- Instructions for the task: What you write must match, character for character, the lines from the one with "而社區(qū)內(nèi)部" down to the one with "Из школьных сочинений Славяне" in the listing below, minus its pictures.

** Opening Data for the task block **

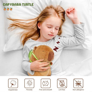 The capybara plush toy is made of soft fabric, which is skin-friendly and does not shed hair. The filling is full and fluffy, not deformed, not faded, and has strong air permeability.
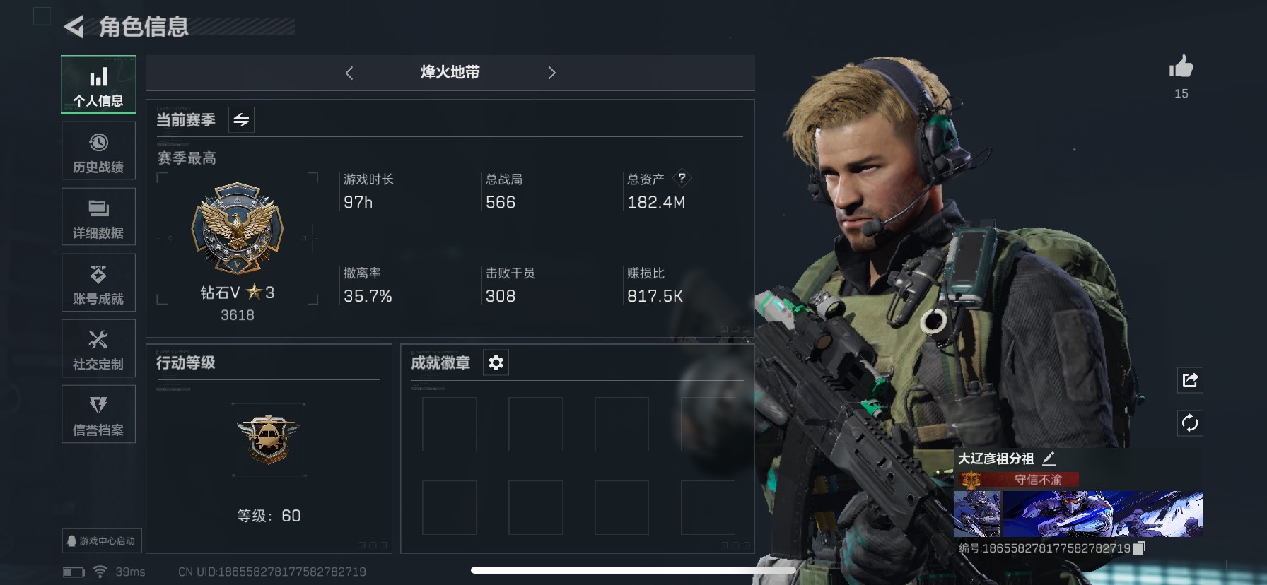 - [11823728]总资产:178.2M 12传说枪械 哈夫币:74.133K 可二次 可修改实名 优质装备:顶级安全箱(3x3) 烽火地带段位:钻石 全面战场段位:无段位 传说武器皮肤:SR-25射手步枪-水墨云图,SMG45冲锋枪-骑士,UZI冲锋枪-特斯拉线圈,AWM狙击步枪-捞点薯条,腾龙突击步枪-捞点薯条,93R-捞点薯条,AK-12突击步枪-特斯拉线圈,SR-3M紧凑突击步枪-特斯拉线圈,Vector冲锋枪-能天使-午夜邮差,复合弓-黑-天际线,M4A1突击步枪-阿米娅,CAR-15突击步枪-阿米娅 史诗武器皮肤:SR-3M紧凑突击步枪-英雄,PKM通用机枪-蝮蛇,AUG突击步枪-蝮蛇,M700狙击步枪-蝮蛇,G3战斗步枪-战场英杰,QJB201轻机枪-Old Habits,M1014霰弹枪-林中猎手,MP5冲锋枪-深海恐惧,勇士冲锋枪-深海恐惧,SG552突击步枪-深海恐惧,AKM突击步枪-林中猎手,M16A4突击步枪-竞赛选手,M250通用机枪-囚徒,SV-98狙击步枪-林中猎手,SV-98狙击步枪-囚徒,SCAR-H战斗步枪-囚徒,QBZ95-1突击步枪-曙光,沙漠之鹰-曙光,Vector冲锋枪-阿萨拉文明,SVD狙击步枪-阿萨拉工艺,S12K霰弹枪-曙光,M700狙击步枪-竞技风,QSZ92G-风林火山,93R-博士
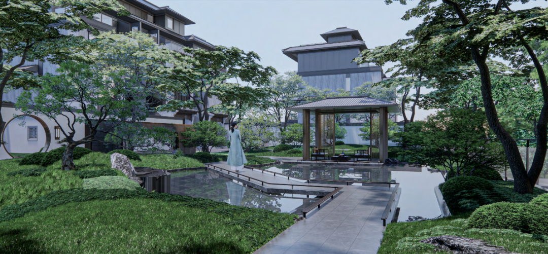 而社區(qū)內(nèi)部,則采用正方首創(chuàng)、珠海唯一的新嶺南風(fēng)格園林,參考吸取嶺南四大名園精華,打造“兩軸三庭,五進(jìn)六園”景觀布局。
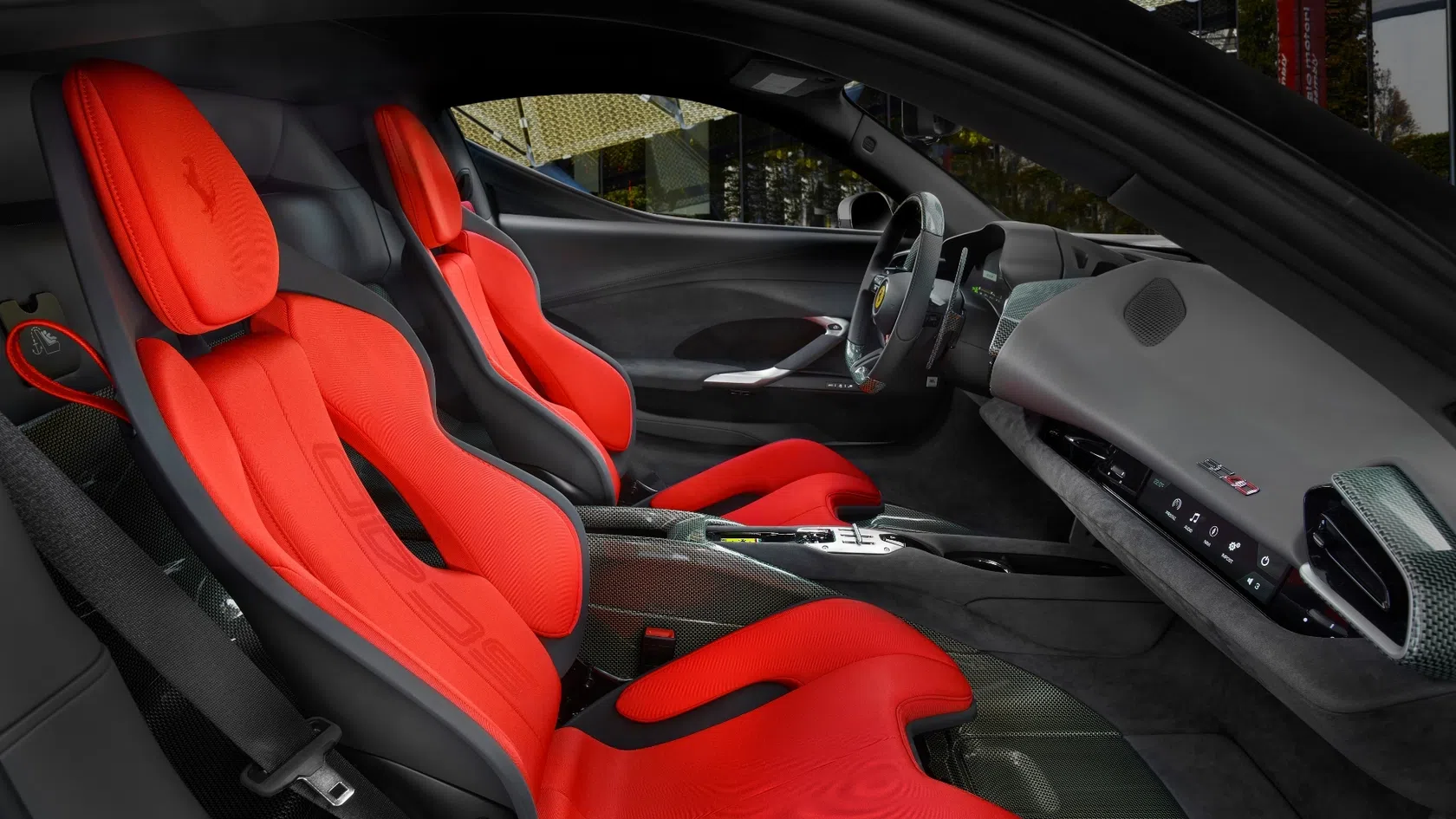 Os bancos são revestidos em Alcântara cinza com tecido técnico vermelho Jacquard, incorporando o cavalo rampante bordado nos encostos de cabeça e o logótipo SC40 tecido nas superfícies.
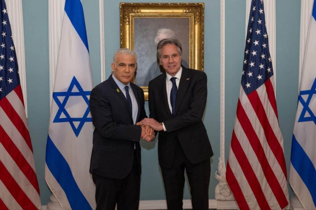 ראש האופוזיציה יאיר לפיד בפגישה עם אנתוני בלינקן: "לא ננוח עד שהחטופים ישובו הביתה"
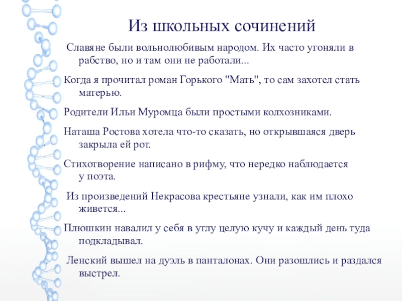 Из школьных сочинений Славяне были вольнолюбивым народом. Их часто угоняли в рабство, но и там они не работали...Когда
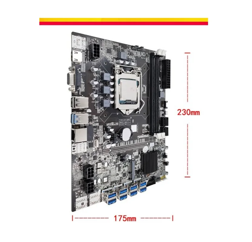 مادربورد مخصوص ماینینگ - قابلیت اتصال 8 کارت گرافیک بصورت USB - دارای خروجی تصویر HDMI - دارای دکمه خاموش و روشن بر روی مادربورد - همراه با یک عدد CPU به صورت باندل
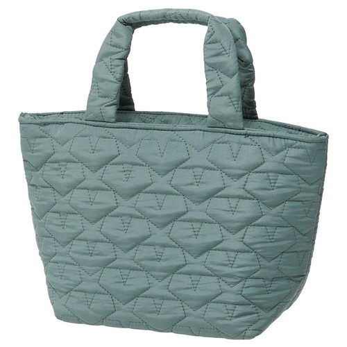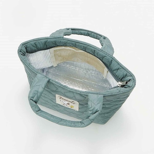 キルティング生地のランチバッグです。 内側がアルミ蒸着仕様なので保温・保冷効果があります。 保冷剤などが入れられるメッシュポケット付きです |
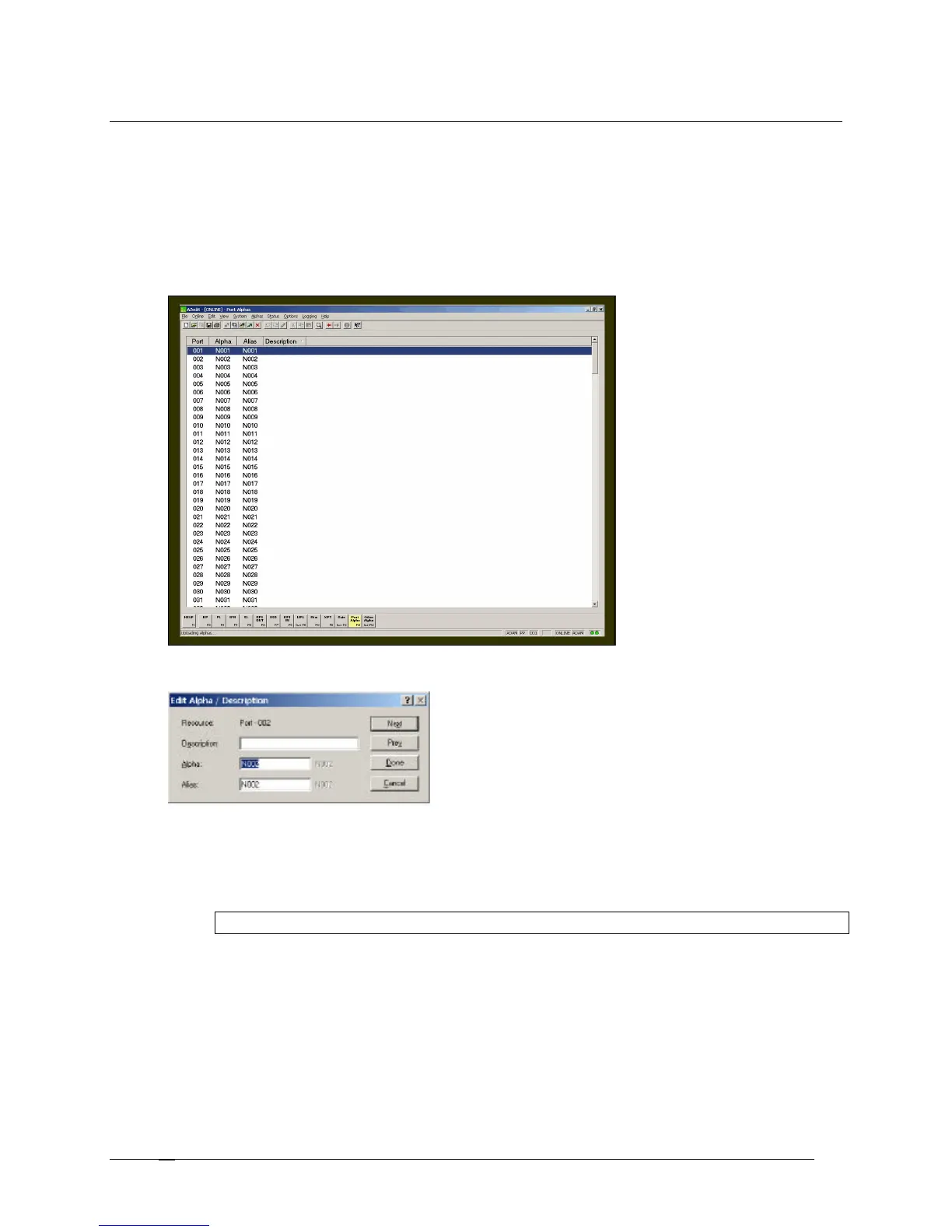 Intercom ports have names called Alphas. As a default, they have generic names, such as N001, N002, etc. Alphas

** Closing Data for the task block **

- Answer for the task:
 而社區(qū)內(nèi)部,則采用正方首創(chuàng)、珠海唯一的新嶺南風(fēng)格園林,參考吸取嶺南四大名園精華,打造“兩軸三庭,五進(jìn)六園”景觀布局。
 Os bancos são revestidos em Alcântara cinza com tecido técnico vermelho Jacquard, incorporando o cavalo rampante bordado nos encostos de cabeça e o logótipo SC40 tecido nas superfícies.
 ראש האופוזיציה יאיר לפיד בפגישה עם אנתוני בלינקן: "לא ננוח עד שהחטופים ישובו הביתה"
 Из школьных сочинений Славяне были вольнолюбивым народом. Их часто угоняли в рабство, но и там они не работали...Когда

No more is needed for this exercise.